In OpenAI’s docs, the deferred tools live inside a namespace or MCP server and are loaded only when the model decides it needs them.

That is a major design improvement for enterprise agents because it moves you away from the old pattern of shoving 50 JSON schemas into every request.

5. The 1M Context Window Is Real, but It Is Not Magic

This is one of the most important practical caveats in the whole release.

Yes, GPT-5.4 supports a 1,050,000 token context window in the API, with 128,000 max output tokens. OpenAI also says GPT-5.4 in Codex has experimental support for the 1M window, and requests above the standard 272K context threshold incur higher usage rates.

But you should not read “1M context” as “perfect 1M recall.”

OpenAI’s own long-context evals show a very clear pattern:

RangeGPT-5.4 scoreInterpretation
MRCR v2 4K to 8K97.3%Excellent short-context retrieval
MRCR v2 64K to 128K86.0%Still strong at large prompt sizes
MRCR v2 128K to 256K79.3%Usable, but quality is already slipping
MRCR v2 256K to 512K57.5%Very large-context retrieval gets fragile
MRCR v2 512K to 1M36.6%Do not assume reliable needle retrieval at the far edge

LONG-CONTEXT REALITY CHECK

The 1M window is useful, but the practical question is where it helps and where teams start over-trusting it.

USE IT WHEN

The full window creates real product value

GPT-5.4 benefits from giant context when the job is broad synthesis, planning, or maintaining large working memory, not perfect far-edge recall.

  • Giant codebase snapshots for planning and refactor scoping
  • Full diligence rooms or long policy bundles for first-pass synthesis
  • Many prior conversation turns plus tools plus working memory
  • Large multi-document comparison tasks where partial recall is still valuable

DO NOT ASSUME

A huge window does not replace retrieval discipline

OpenAI’s own evals show retrieval gets much weaker at the far edge, and large sessions add hidden budget and pricing complexity.

  • You can skip retrieval, chunking, ranking, or tool-based search
  • Needle retrieval stays reliable near the 512K to 1M range
  • Reasoning tokens are free just because they are not visible
  • Sessions above 272K input avoid pricing surcharges

Another important API detail from OpenAI’s reasoning docs: reasoning tokens are not visible in the raw response, but they still take up space inside the context window and are billed as output tokens. OpenAI recommends leaving at least 25,000 tokens of headroom for reasoning and outputs while you are learning how your prompts behave.

That is an easy thing to miss, and it will absolutely affect real cost and truncation behavior.

6. Steerability Finally Feels Productive Instead of Cosmetic

OpenAI also improved the actual ChatGPT interaction pattern around GPT-5.4 Thinking.

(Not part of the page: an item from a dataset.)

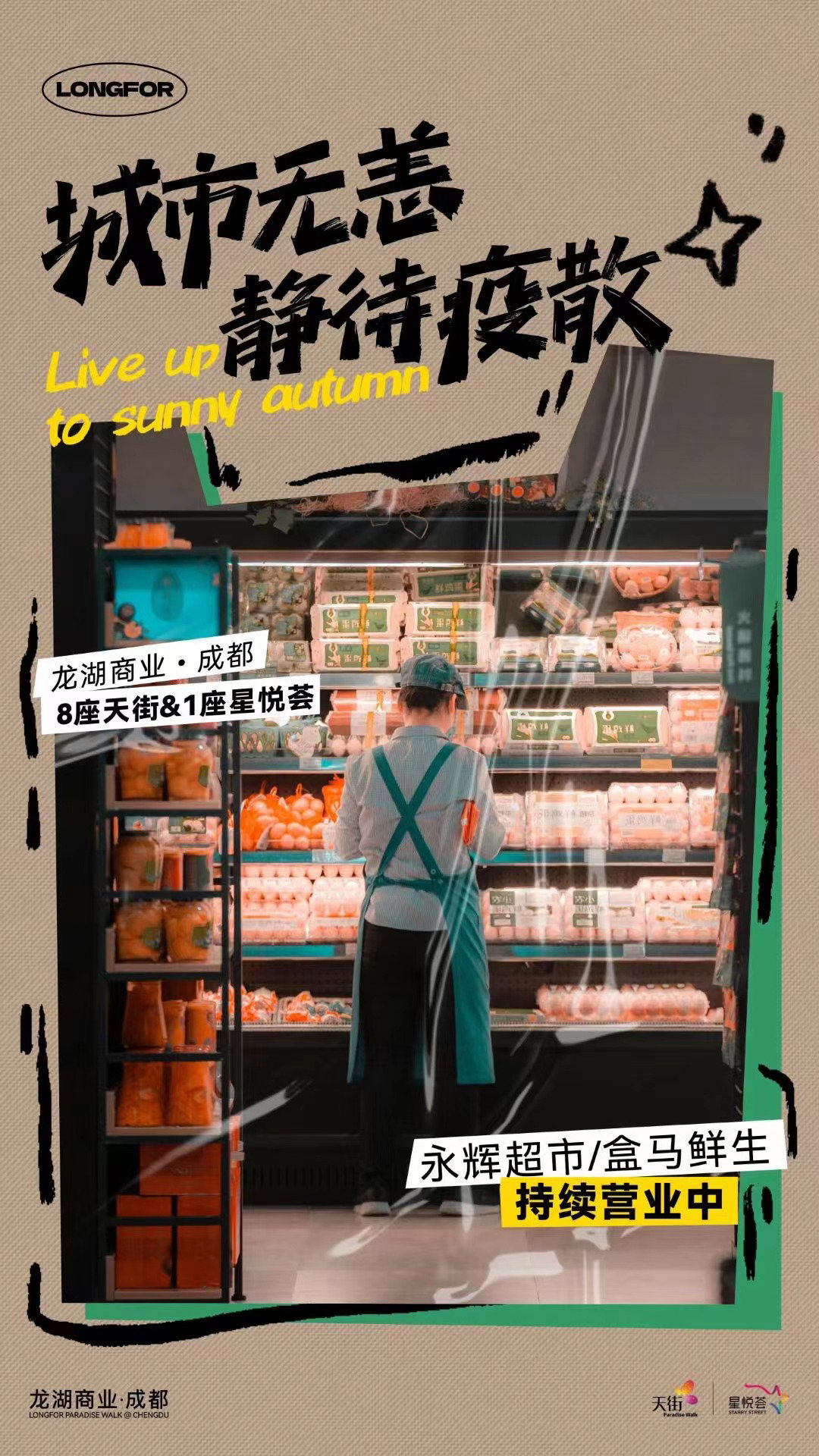 龙湖商业位于成都的8座天街及1座星悦荟均保持超市业态持续营业,永辉超市、盒马鲜生均为正常营业,麻辣空间清油火锅、烤匠麻辣烤鱼、悦百味、Wagas等部分餐饮提供外送服务。

For longer and more complex prompts, the model now gives a preamble describing how it plans to approach the task. Users can also redirect it mid-response without fully restarting.

This sounds small, but it is a real usability upgrade for messy work:

  • “keep the thesis but make the deck more investor-facing”
  • “same structure, less legal language”
  • “stop summarizing and switch into recommendation mode”
  • “use the spreadsheet, not the PDF, as the source of truth”

That is the kind of interaction pattern that makes a reasoning model more practical for long professional workflows.

Every Practical Use Case Where GPT-5.4 Makes Sense

If you want the simplest high-level rule, it is this:

GPT-5.4 is strongest when the task spans multiple modes of work at once.

Not just writing. Not just coding. Not just tool calling. Not just browser control.

All of them together.

USE-CASE MAP

GPT-5.4 is most useful when one workflow has to combine reasoning, writing, code, tools, and browser interaction instead of splitting those jobs across separate systems.

PRODUCT + STRATEGY

Founder and product workflows

Strong fit for research-heavy outputs that still need narrative quality and executive readability.

  • Market landscape memos with current web evidence
  • Board updates with both narrative and data structure
  • Investor or customer-facing presentation drafts
  • Product requirement comparison across long documents
  • Competitive teardown reports mixing research, charts, and positioning

FINANCE + OPS

Operational analysis

OpenAI is clearly positioning GPT-5.4 toward spreadsheet, modeling, and decision-support work.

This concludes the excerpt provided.